A team collaborating across national laboratories, universities, and industry has developed a new approach to runtime programming that enables scalable execution of implicitly parallel programs on large-scale machines using distributed dynamic dependence analysis for efficient, on-the-fly computation of dependences. Dynamic control replication distributes dependence analysis by executing multiple copies of an implicitly parallel program while ensuring the copies collectively behave as a single execution. The researchers also presented an asymptotically scalable algorithm for implementing dynamic control replication that maintains the sequential semantics of implicitly parallel programs. Their work was published in the proceedings of PPoPP ‘21, the 26th ACM SIGPLAN Symposium on Principles and Practice of Parallel Programming.
Implicitly parallel programming models, in which apparently sequential programs are automatically parallelized, are becoming increasingly popular as programmers, who often to have limited experience writing explicitly parallel code, attempt to solve computationally difficult problems using massively parallel and distributed machines. This is particularly true for data-centric computing needs across an ever-growing number of marketplaces. Because the number of tasks to be analyzed is generally proportional to the size of the target machine, dependence analysis is expensive at scale, and its apparently sequential nature can make it difficult to parallelize. Implementing their method in Legion runtime, the team showed that dynamic control replication delivers the same programmer productivity as other implicitly parallel programming models, up to 15× better performance, and scalability to hundreds of nodes while supporting arbitrary control flow, data usage, and task execution on any node. These findings are competitive with explicitly parallel programming systems and prove the method’s usefulness with high-performance computing applications including machine learning and deep learning.

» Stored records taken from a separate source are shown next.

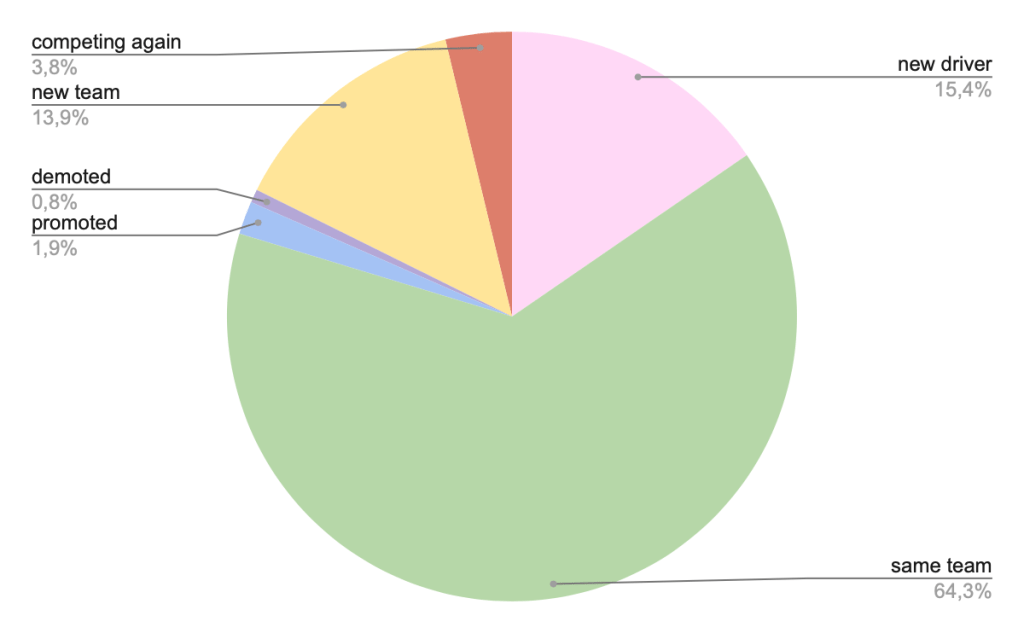 Repartition of drivers at the beginning of each season (in regard to who they were driving for at the beginning of the previous season) – Chart
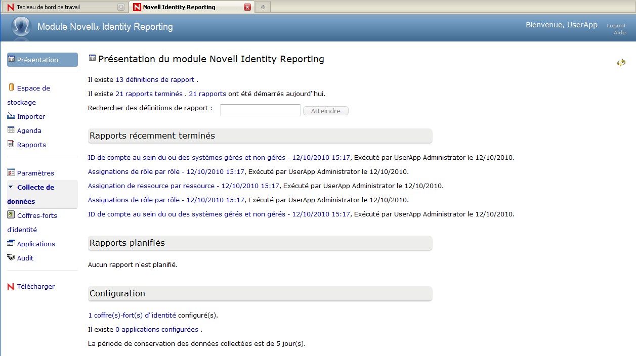 Le module Identity Reporting génère des rapports qui fournissent des informations essentielles sur divers aspects de votre configuration Identity Manager, notamment les données collectées auprès de coffres-forts d'identité et de systèmes gérés tels qu'Active Directory ou SAP. Le module de création de rapports comprend un ensemble de définitions de rapport prédéfinies que vous pouvez utiliser pour générer des rapports. En outre, il permet d'importer des rapports personnalisés définis dans un outil tiers. L'interface utilisateur du module de création de rapports permet de planifier facilement l'exécution des rapports aux heures creuses de manière à optimiser les performances.
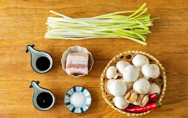 韭黃150g 口蘑200g 五花肉100g 紅尖椒1根 蒜頭2瓣 鹽1小勺
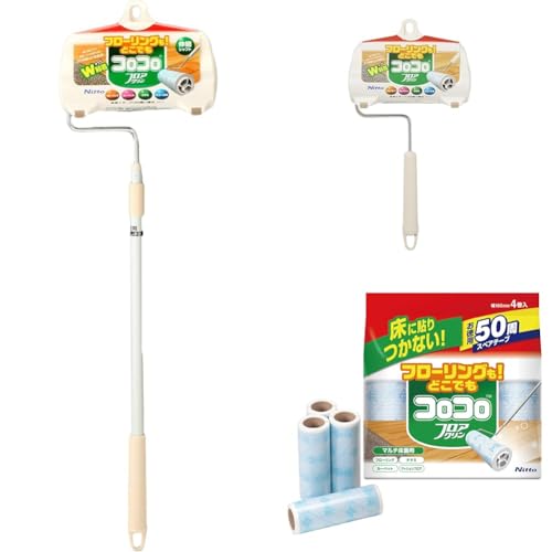 中でも「ニトムズ コロコロ フロアクリン フローリング・カーペット対応 本体(伸縮ロング) + 本体(ハンディ) + スペア 50周 4巻」は、伸縮可能なロングタイプの本体と持ち運びに便利なハンディタイプ、さらに交換用スペアがセットになっているため使い勝手の良さが評価されています。
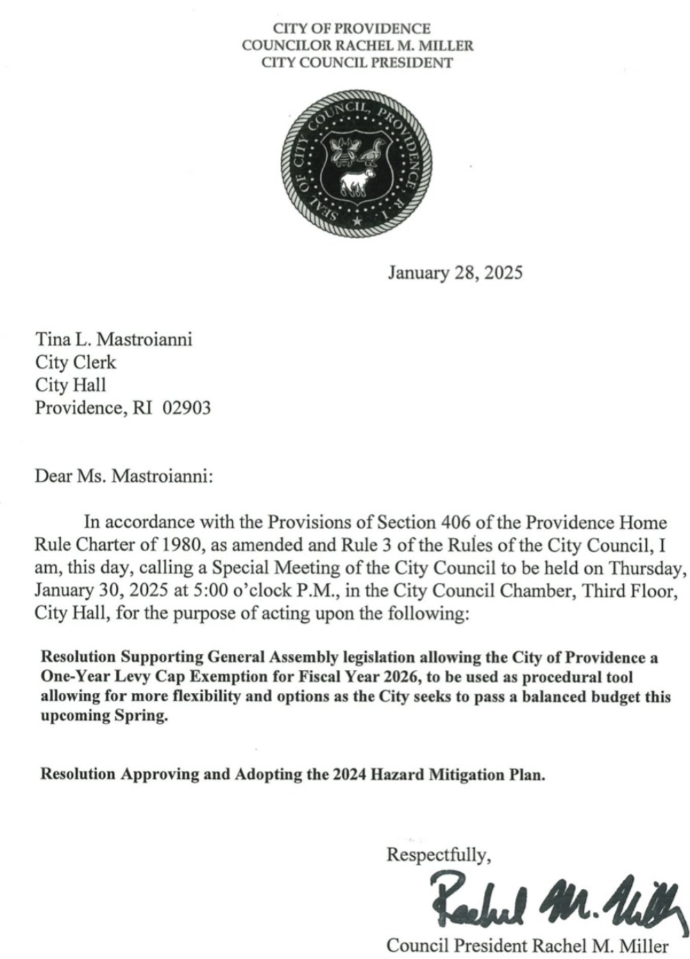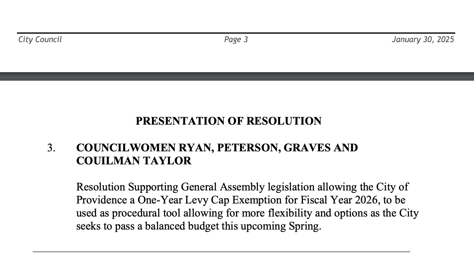 GET THE LATEST BREAKING NEWS HERE -- SIGN UP FOR GOLOCAL FREE DAILY EBLASTNow, the President of the Providence City Council is calling for the body to consider a resolution “supporting General Assembly legislation allowing the City of Providence a one-year levy cap exemption for Fiscal Year 2026.”
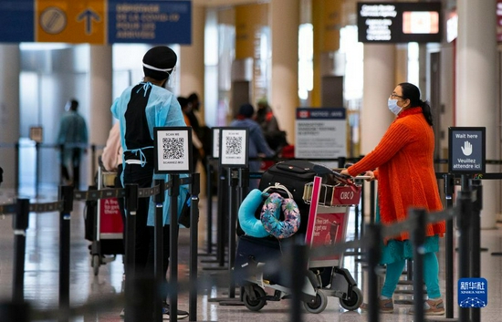 12月21日,在加拿大安大略省多伦多皮尔逊国际机场,戴口罩的入境旅客前往新冠检测站。
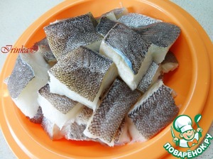 Филе палтуса нарезаем крупными кусочками, посыпаем чуть солью.
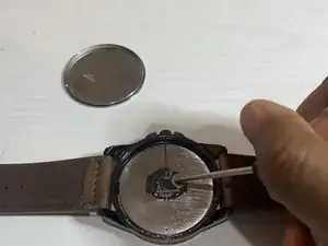 Аккуратно удалите старую батарею часов с помощью лопатки.
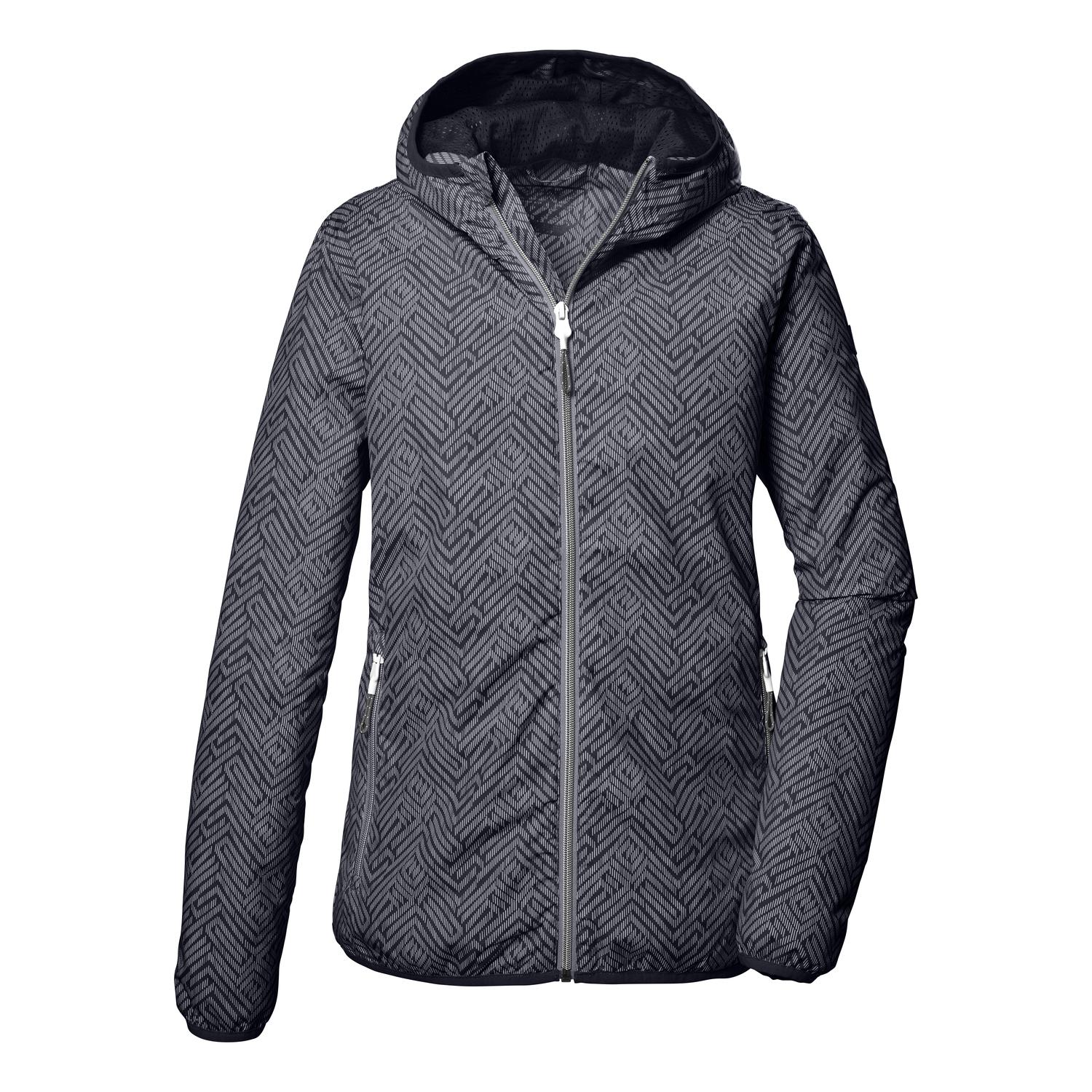 Packbare Damen Funktionsjacke2-Wege-Stretch für mehr Bewegungsfreiheitwasserdicht, verschweißte Nähte, Wassersäule 10.000mmatmungsaktiv, Wasserdampfdurchlässigkeit 3.000 g/m²/24 hPFAs-freie Imprägnierung – gut für dich und die UmweltName: KOS 69 WMN JCKTSaison: Frühjahr/SommerDie leichte Damen Funktionsjacke punktet durch den besonderen All Over-Print mit farblich abgesetzten Details und funktionelle Eigenschaften. Die Jacke ist dank verschweißter Nähte und einer 10.000 mm Wassersäule 100% wasser- und winddicht. Gleichzeitig ist sie atmungsaktiv mit einer Wasserdampfdurchlässigkeit von 3.000 g/m²/24 h. Das 2-Wege-Stretchmaterial sorgt für viel Bewegungsfreiheit. Die beiden Seitentaschen sind mit Zippern versehen, sodass nichts verloren geht. Zudem ist die Jacke packbar: Sie lässt sich komplett in eine eigene Tasche verstauen und so bequem überall mit hinnehmen. killtec liegt es besonders am Herzen, die Kollektionen nachhaltiger und zukunftsfähiger zu machen. So setzt killtec verstärkt auf verantwortungsbewusstere Herstellungsverfahren. Diese Jacke wurde daher mit fluorfreien Mitteln imprägniert und aus recyceltem Material gefertigt.
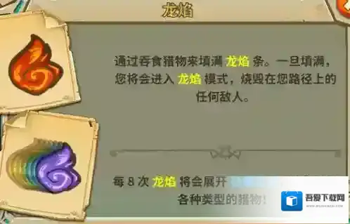 通过吞噬猎物来填满龙焰条,一旦填满,你将会进入龙焰模式,烧毁你在路径上的任何敌人。
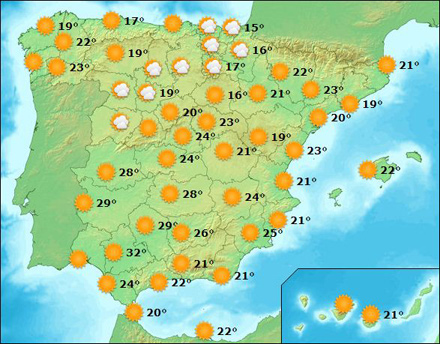 Men fra onsdag eller torsdag bliver det igen køligere og mere overskyet med mulighed for byger i det mest af landet, især i den nordlige og centrale del af landet, oplyser meteorologisk institut, AEMET.

This work, which enables users unaccustomed to programming for massive parallelism to tackle computationally difficult programs, represents an important component of a successful, capable exascale computing ecosystem for nontraditional HPC users. The team’s approach also allows data-centric workloads to run significantly faster and outperforms industry standards. Projects such as CANDLE, which applies deep learning techniques to cancer research challenges, are expected to benefit. Follow-on work will provide new optimizations for machine learning workloads using additional forms of parallelism unique for a given network and system architecture, optimization of operators within deep neural networks, and interfaces to productivity-focused programming using languages such as Python and R.
Approaches to implicit parallelism. Static analysis and lazy evaluation centralize analysis and distribute partitioned programs to workers for execution. Dynamic control replication executes a replicated program, dynamically assigns tasks to shards (partitions) of data, and performs an on-the-fly distributed dependence analysis.
Bauer, Michael, Wonchan Lee, Elliott Slaughter, Zhihao Jia, Mario Di Renzo, Manolis Papadakis, Galen Shipman, Patrick McCormick, Michael Garland, and Alex Aiken. “Scaling Implicit Parallelism via Dynamic Control Replication.” 2021. PPoPP ‘21: Proceedings of the 26th ACM SIGPLAN Symposium on Principles and Practice of Parallel Programming (February).